Provided records:
====
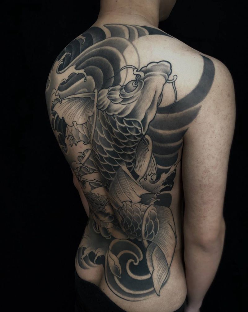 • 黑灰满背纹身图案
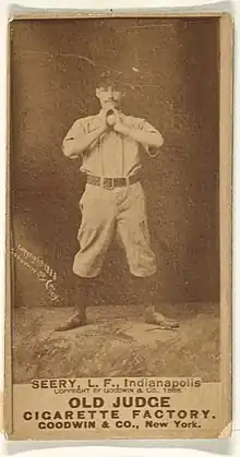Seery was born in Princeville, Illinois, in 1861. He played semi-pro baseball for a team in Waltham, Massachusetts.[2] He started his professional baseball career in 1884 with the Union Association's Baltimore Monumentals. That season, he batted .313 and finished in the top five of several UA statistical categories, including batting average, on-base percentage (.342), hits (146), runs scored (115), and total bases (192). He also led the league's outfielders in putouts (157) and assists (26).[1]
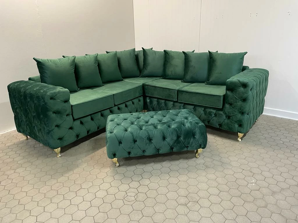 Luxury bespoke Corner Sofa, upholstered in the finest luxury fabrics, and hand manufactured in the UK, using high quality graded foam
====
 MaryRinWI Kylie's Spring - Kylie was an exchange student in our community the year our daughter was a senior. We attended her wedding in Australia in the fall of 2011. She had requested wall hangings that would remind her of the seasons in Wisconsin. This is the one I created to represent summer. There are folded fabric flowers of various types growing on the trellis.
====
What you have to do:
Set down word for word the lines above from the one with "Seery was born" up to and including the one with "Luxury bespoke Corner". Omit every picture.

Answer section:
Seery was born in Princeville, Illinois, in 1861. He played semi-pro baseball for a team in Waltham, Massachusetts.[2] He started his professional baseball career in 1884 with the Union Association's Baltimore Monumentals. That season, he batted .313 and finished in the top five of several UA statistical categories, including batting average, on-base percentage (.342), hits (146), runs scored (115), and total bases (192). He also led the league's outfielders in putouts (157) and assists (26).[1]
 Luxury bespoke Corner Sofa, upholstered in the finest luxury fabrics, and hand manufactured in the UK, using high quality graded foam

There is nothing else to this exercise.